Anyway, let's create a test suite (used to save and aggregate tests):

In [7]:
suite_train = TestSuite()
suite_test = TestSuite()
editor = Editor()

## Capability: NER

Let's start with the NER capability.  
How do named entities impact duplicate question detection? 


### MFT
It seems that the model should at least be able to distinguish questions about different people as non-duplicates.   
Let's write an MFT where we have two people that have the same last name, but different first names.  
Instead of running the test now, we'll add it to the suite and run all tests later.

In [8]:
t_train = editor.template((
    'Hi {first_name} {last_name} {mask}!',
    'Hi {first_name2} {last_name} {mask}！',
    ),
    remove_duplicates=True, 
    nsamples=3000)

t_test = editor.template((
    'Is {first_name} {last_name} {mask}?',
    'Is {first_name2} {last_name} {mask}?',
    ),
    remove_duplicates=True, 
    nsamples=300)

train = MFT(**t_train, labels=0, name='same adjectives, different people', capability = 'NER',
          description='Different first name, same adjective and last name')
suite_train.add(train, overwrite=True)

test = MFT(**t_test, labels=0, name='same adjectives, different people', capability = 'NER',
          description='Different first name, same adjective and last name')
suite_test.add(test, overwrite=True)

print(t_train.data[0])
print(t_train.data[1])

  to_pred = torch.tensor(to_pred, device=self.device).to(torch.int64)

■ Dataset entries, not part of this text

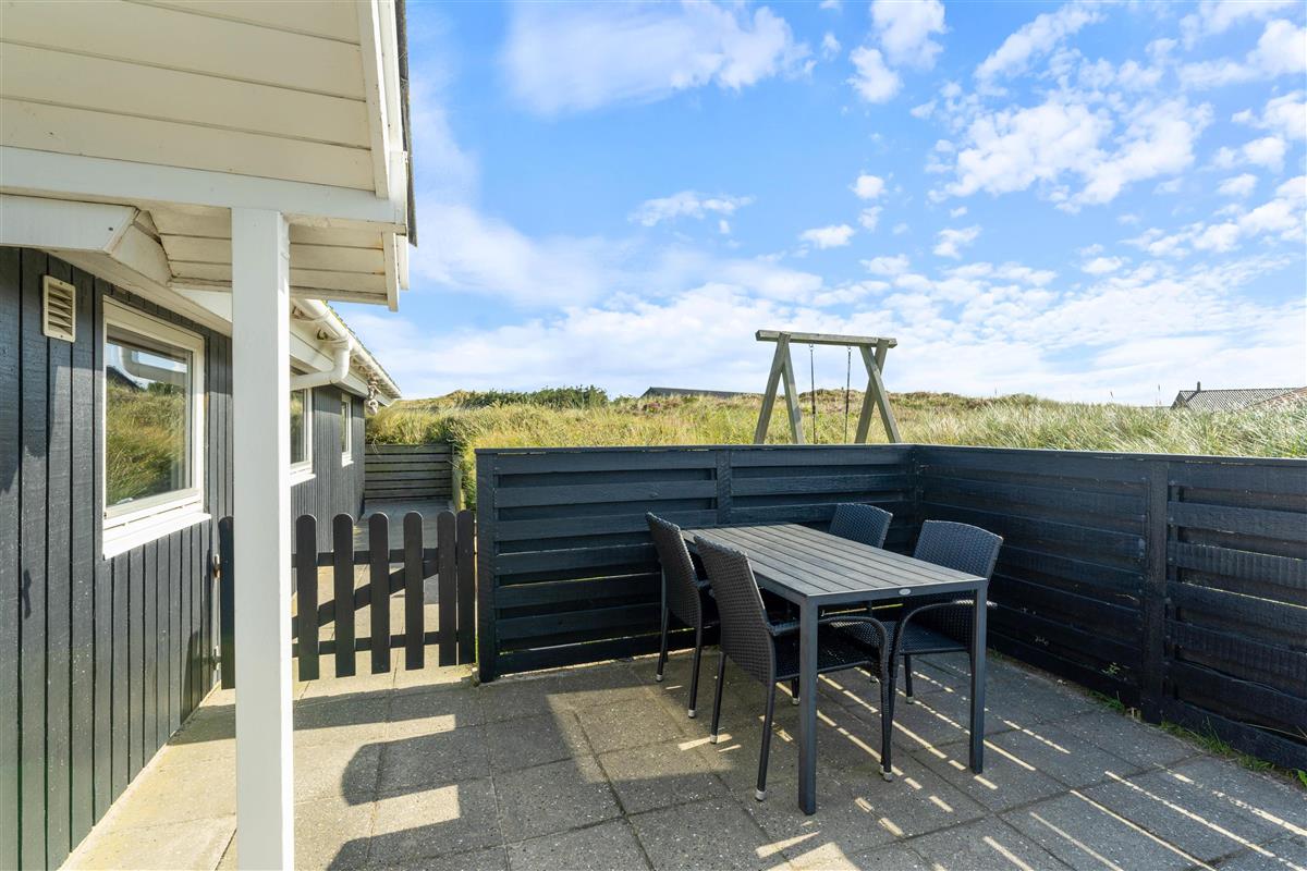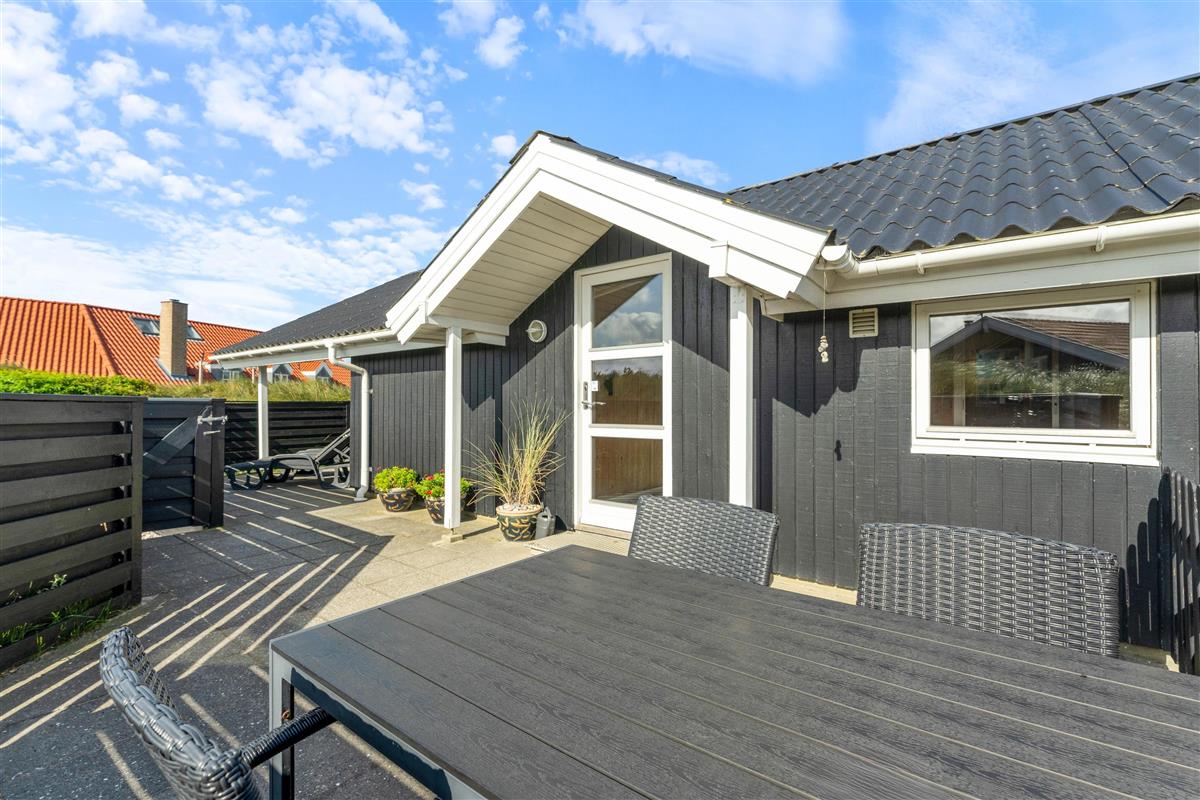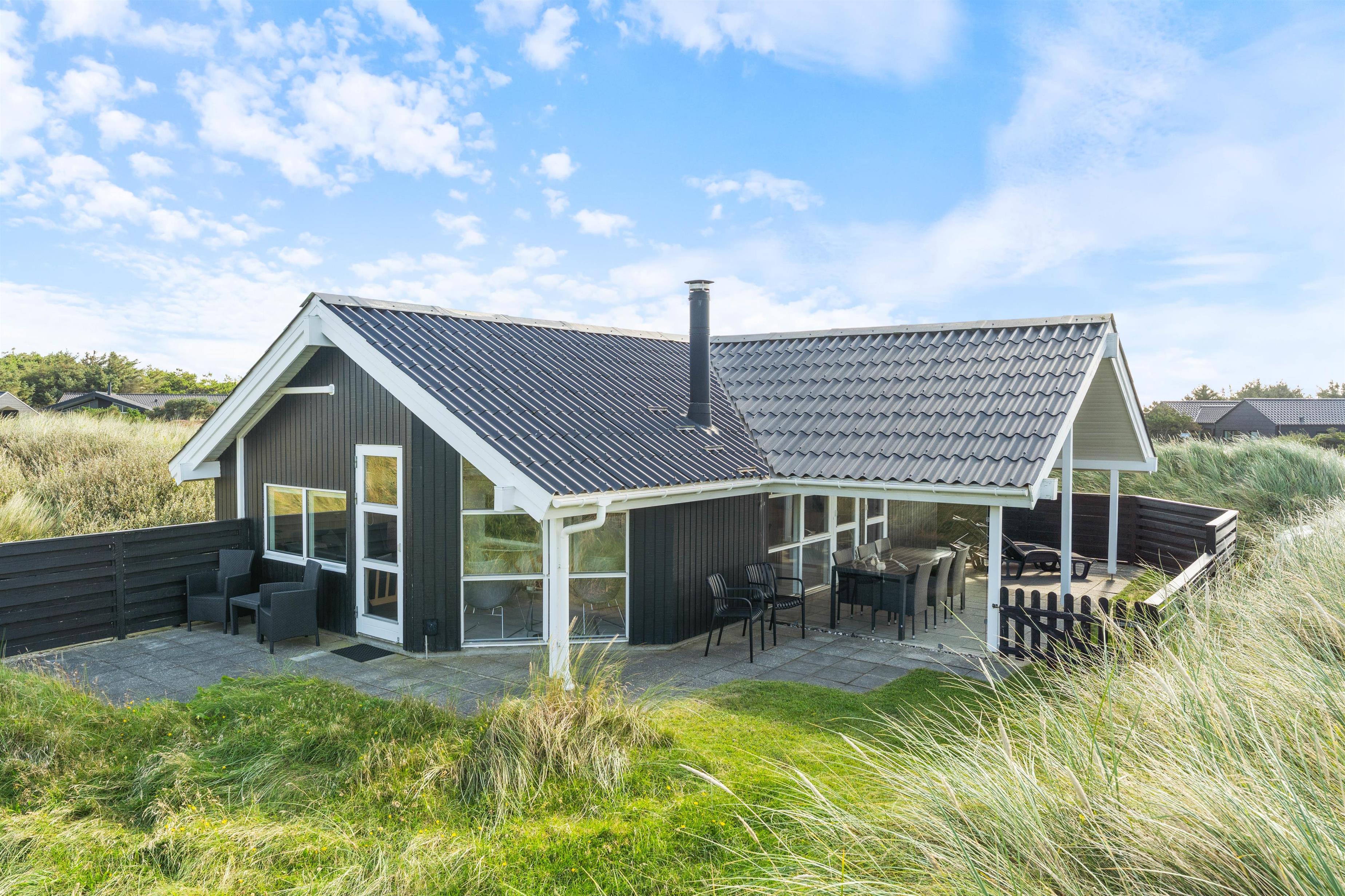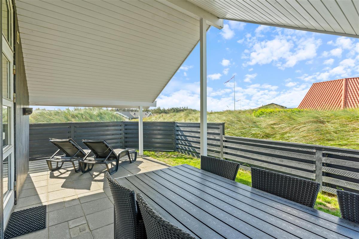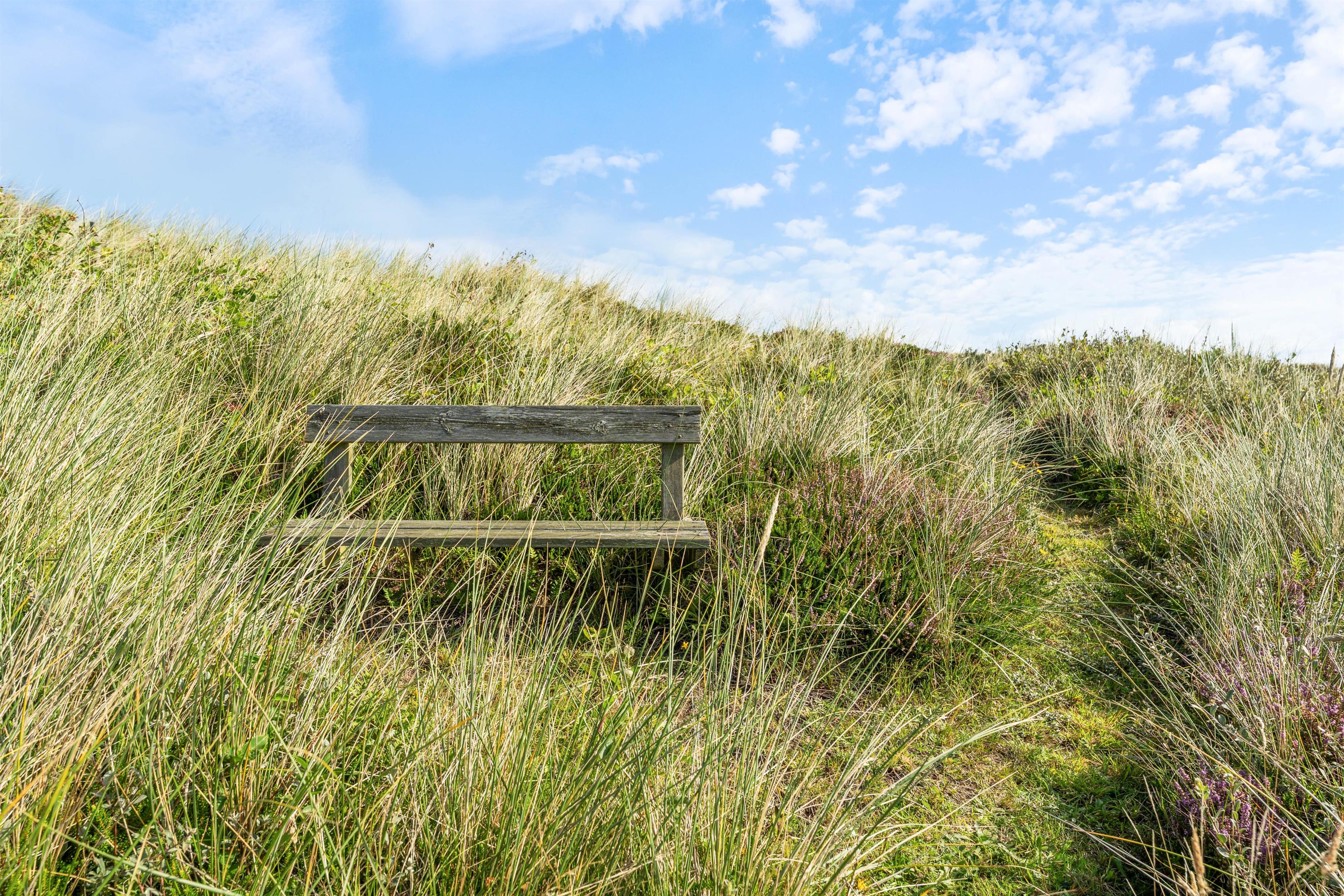 The terrace wraps almost entirely around the house, offering both good shelter and a covered section, plus a private lawn where children and dogs can play or simply relax. A surrounding dune provides additional protection and ensures peaceful days in the sun.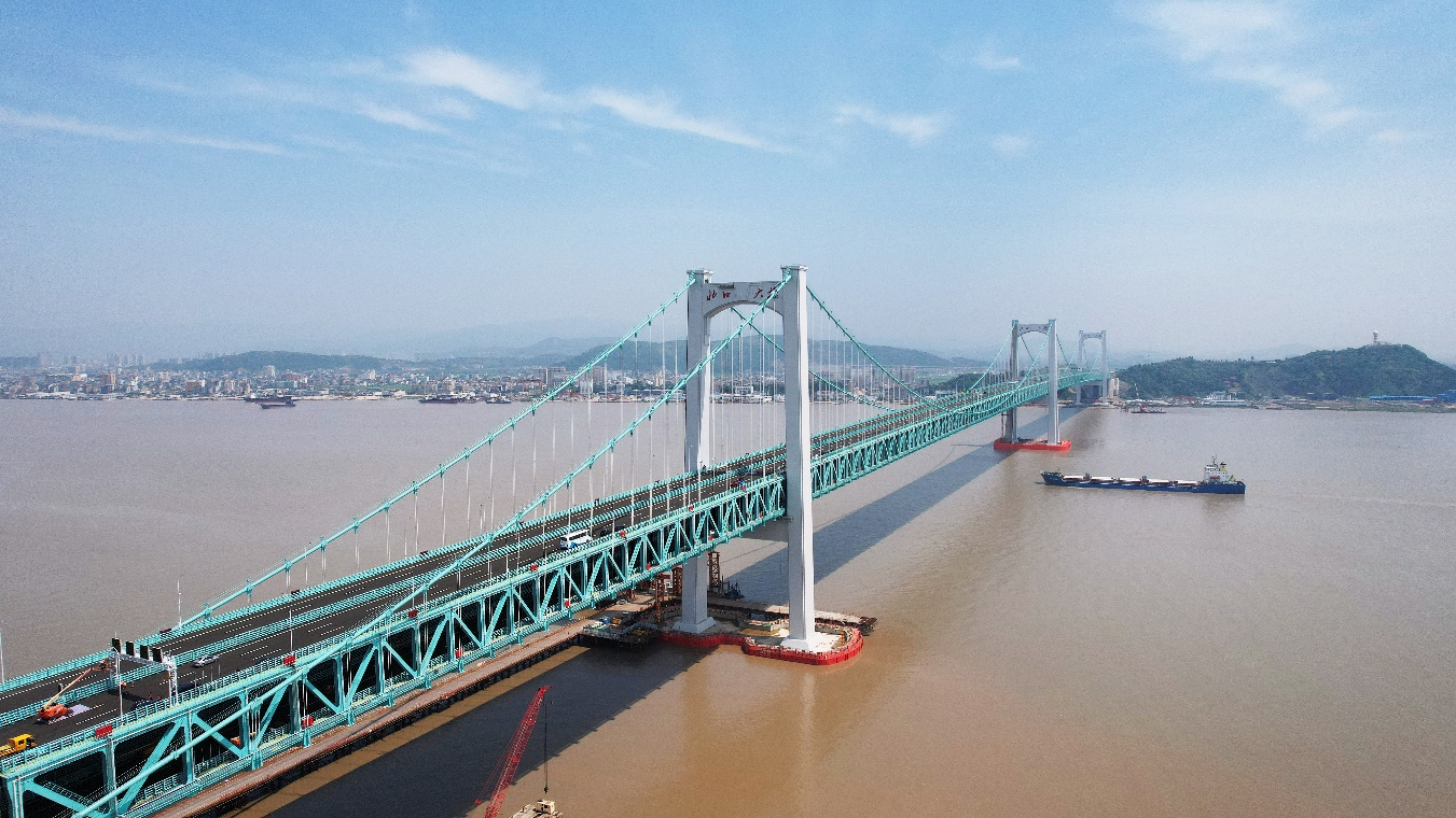 甌江北口大橋是世界上首座三塔四跨雙層鋼桁梁懸索橋,上層高速公路采用雙向六車道高速公路標(biāo)準(zhǔn);下層南金公路采用雙向六車道一級(jí)公路標(biāo)準(zhǔn)。鋼橋面鋪裝方案采用3.5cm澆注式GA10+3.5cm高彈改性瀝青SMA10,鋪裝面積為66791㎡。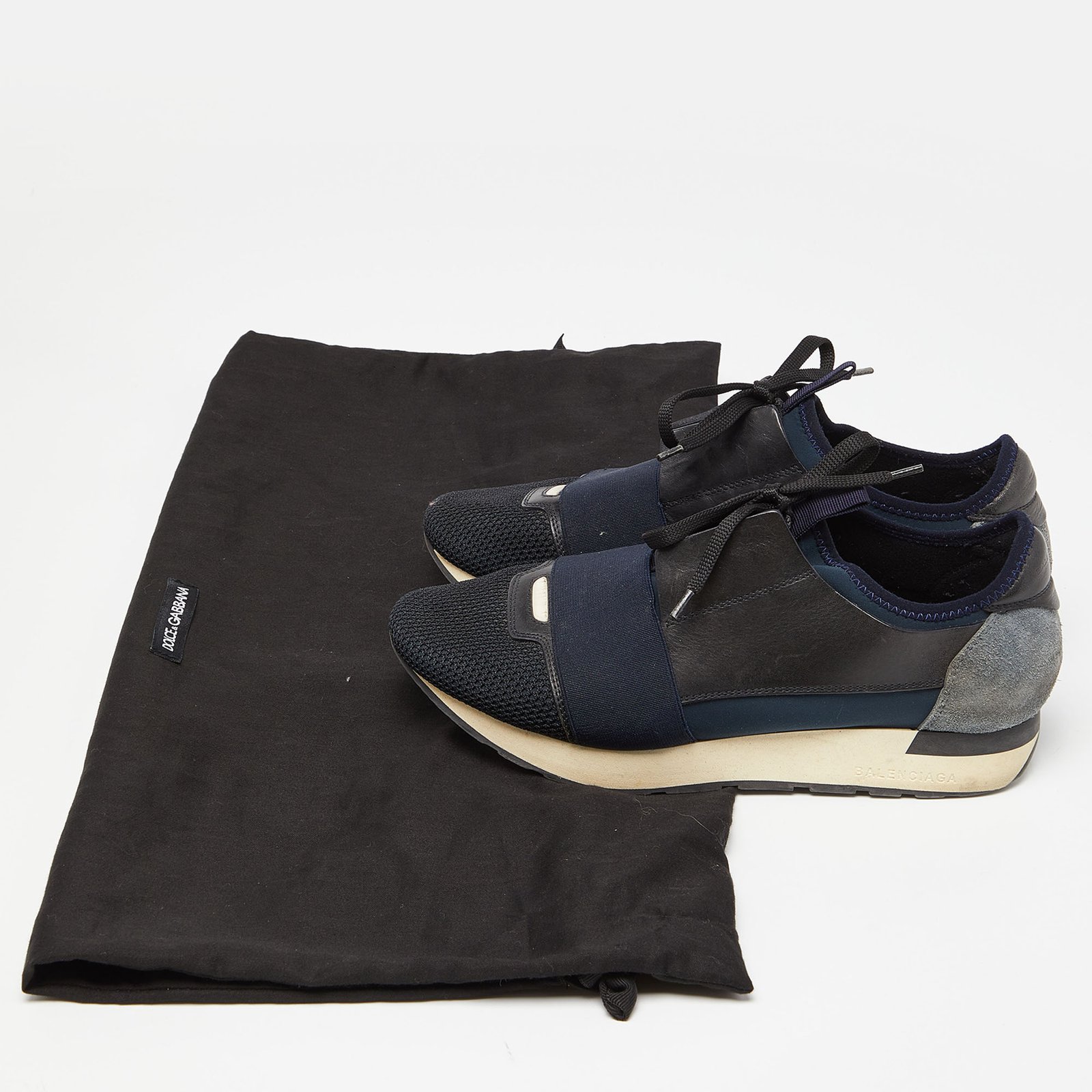 Balenciaga Black/Navy Blue Leather and Mesh Race Runner Sneakers Size 39 - Image 9

('Hi Alison Wright :)!', 'Hi Ian Wright :)！')
("Hi Ashley Gordon '!", "Hi Jessica Gordon '！")


### INV
If you have two questions with the same named entity, changing the entity on both should not change whether the questions are duplicates or not.  
Let's write an INV for this.

Since we are dealing with pairs of questions, we have to write a wrapper to make sure the same name is changed on both:

In [9]:
def change_name_on_both(qs):
    q1, q2 = qs
    c1 = Perturb.change_names(q1, seed=1, meta=True)
    c2 = Perturb.change_names(q2, seed=1, meta=True)
    if not c1 or not c2:
        return
    # separating out examples and meta. Meta has tuples (a, b), where name 'a' was changed to 'b'
    c1, m1 = c1
    c2, m2 = c2
    # Only include examples where the same name was changed on both questions
    return [(q1, q2) for q1, q2, m1, m2 in zip(c1, c2, m1, m2) if m1 == m2][:10]

In [10]:
t_train = Perturb.perturb(parsed_qs, change_name_on_both, nsamples=2000)
train = INV(**t_train, name='Change same name in both questions', capability='NER',
          description='')

t_test = Perturb.perturb(parsed_qs, change_name_on_both, nsamples=200)
test = INV(**t_test, name='Change same name in both questions', capability='NER',
          description='')

# test.run(new_pp)
# test.summary(3)
suite_train.add(train, overwrite=True)
suite_test.add(test, overwrite=True)

print(t_train.data[0][0])
print(t_train.data[0][1])
print(t_train.data[0][2])

("Why isn't Hillary Clinton in jail?", 'Could Hillary Clinton actually go to jail?')
("Why isn't Jennifer Brooks in jail?", 'Could Jennifer Brooks actually go to jail?')
("Why isn't Jessica Cox in jail?", 'Could Jessica Cox actually go to jail?')


### DIR
Conversely, if an entity is present on a pair the model predicts as a duplicate and we change it to something else on *only one* of the sentences, the prediction should change to non-duplicate.  
Let's write this as a DIR test:

In [11]:
def change_name_on_one(qs):
    q1, q2 = qs
    c1 = Perturb.change_names(q1, seed=1, meta=True)
    c2 = Perturb.change_names(q2, seed=1, meta=True)
    if not c1 or not c2:
        return
    c1, m1 = c1
    c2, m2 = c2
    ret = []
    ret.extend([(q1_, str(q2)) for q1_, m1_ in zip(c1, m1) if m1_[0] in str(q2)])
    ret.extend([(str(q1), q2_) for q2_, m2_ in zip(c2, m2) if m2_[0] in str(q1)])
    return ret

We'll write an expectation function in two steps.  
First, we want the prediction to be 0.  
Second, we only want to include examples where the original prediction is one. We do this with a slice wrapper:

In [12]:
# expect_fn = Expect.eq(0)
# expect_fn = Expect.slice_orig(expect_fn, lambda orig, *args: orig == 1)
expect_fn = Expect.monotonic(label=1, increasing=False, tolerance=0.1)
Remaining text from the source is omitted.